PROBLEM STATEMENT => Take the listing from its first line through the line that contains "Dooney & Bourke" and please retype those lines exactly, leaving out the pictures.

SUPPLIED INFORMATION =>
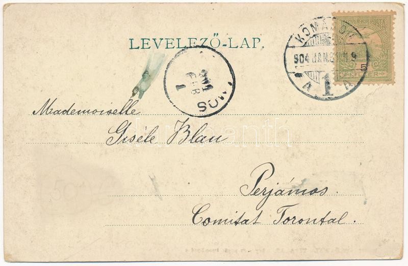 1904 Komárom, Komárnó; Vágtorkolat, tutajosok. Schönwald Tivadar kiadása / Váh river mouth, rafters. Art Nouveau (EK)
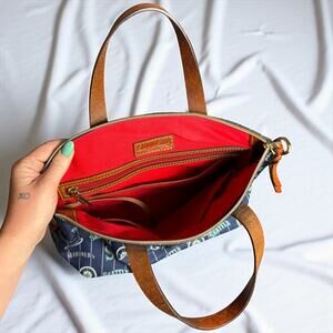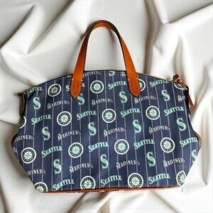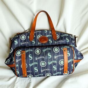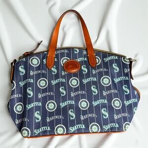 Dooney & Bourke satchel with the Seattle Mariners logos all over it. It's got brown leather handles and trim, and it's a fun way to show off your Mariners pride. Used but still in good shape, perfect for any fan who wants something a little different than the usual gear.
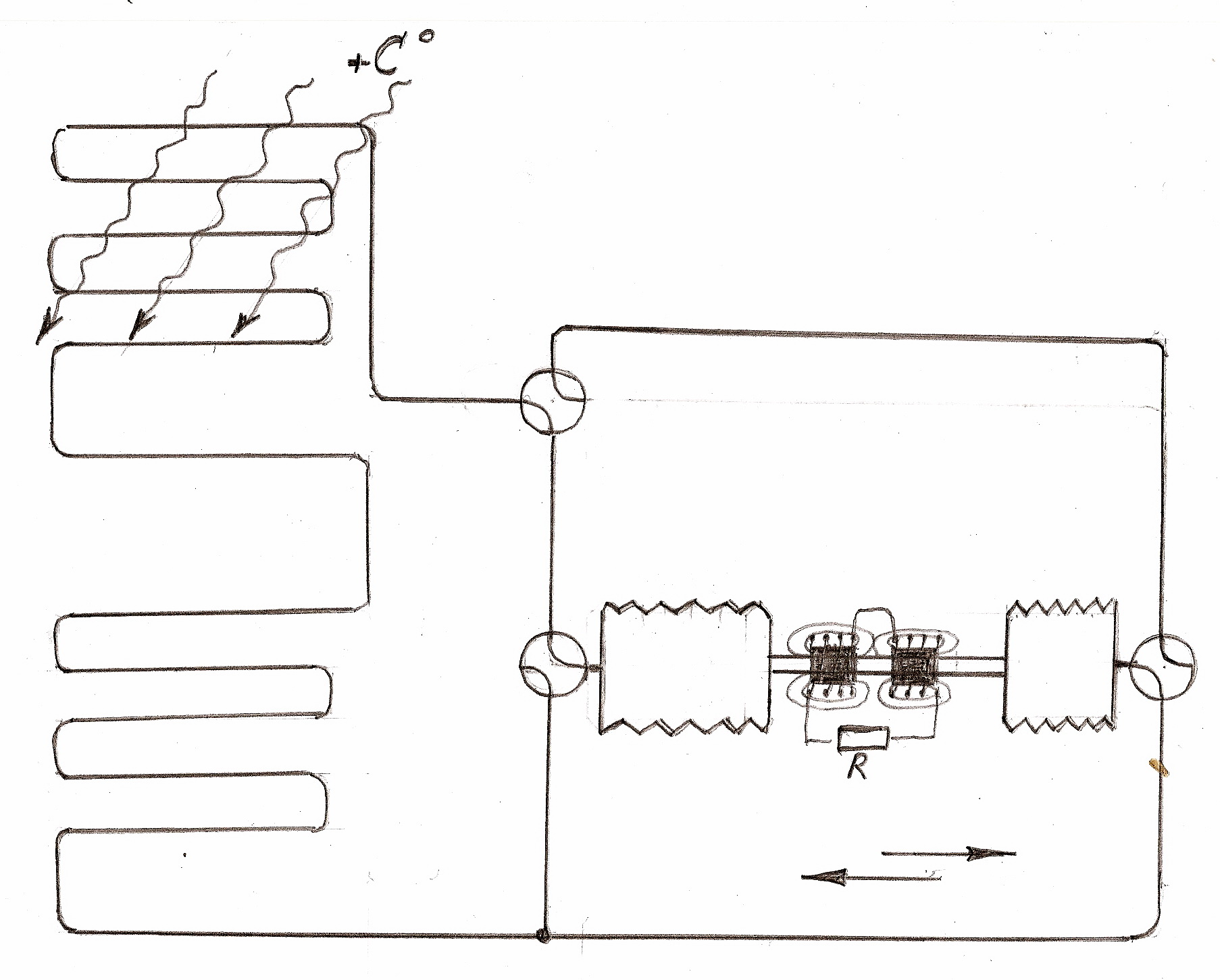 В Саратове выпускались бескомпрессионные фреоновые бытовые холодильники..( у меня на даче такой холодильник работает с 1968 года!!!) испарение фреона происходит в перепаде 4 градусов....например при 19 град фреон в жидком состоянии, а при температуре 23-24 град. он уже в парообразном состоянии. Вот мы имеем прекрасный теплоноситель, способный работать в обычном паровом двигателе..., а если убрать поршни и цилиндры и заменить их сильфонами -гармошками, то перепуская по очереди пар в одну и другую гармошку можно получить мощный двигун (при диаметре 100 мм. сильфона усилие , толкающее будет 100 кг...или 1000 н. поставив маховик с двумя обгонными муфтами можно его раскручивать с постоянной силой в 1000 н...с маховика снимаем момент на электрогенератор...получили домашнюю электростанцию... Теперь о теплоносителе...один радиатор ставим на крыше, а друго вокруг печной трубы на чердаке... и зимой получаем непрерывно электроэнергию, а летом...ну летом вы и сами сообразите....Вся система полностью замкнута, никаких сальников даже на перпускных клапанах (есть такие конструкции. А вот и схема... http://www.kurginyan.ru/board/style_images...e_types/gif.gif |

RESPONSE BOX =>
 1904 Komárom, Komárnó; Vágtorkolat, tutajosok. Schönwald Tivadar kiadása / Váh river mouth, rafters. Art Nouveau (EK)
 Dooney & Bourke satchel with the Seattle Mariners logos all over it. It's got brown leather handles and trim, and it's a fun way to show off your Mariners pride. Used but still in good shape, perfect for any fan who wants something a little different than the usual gear.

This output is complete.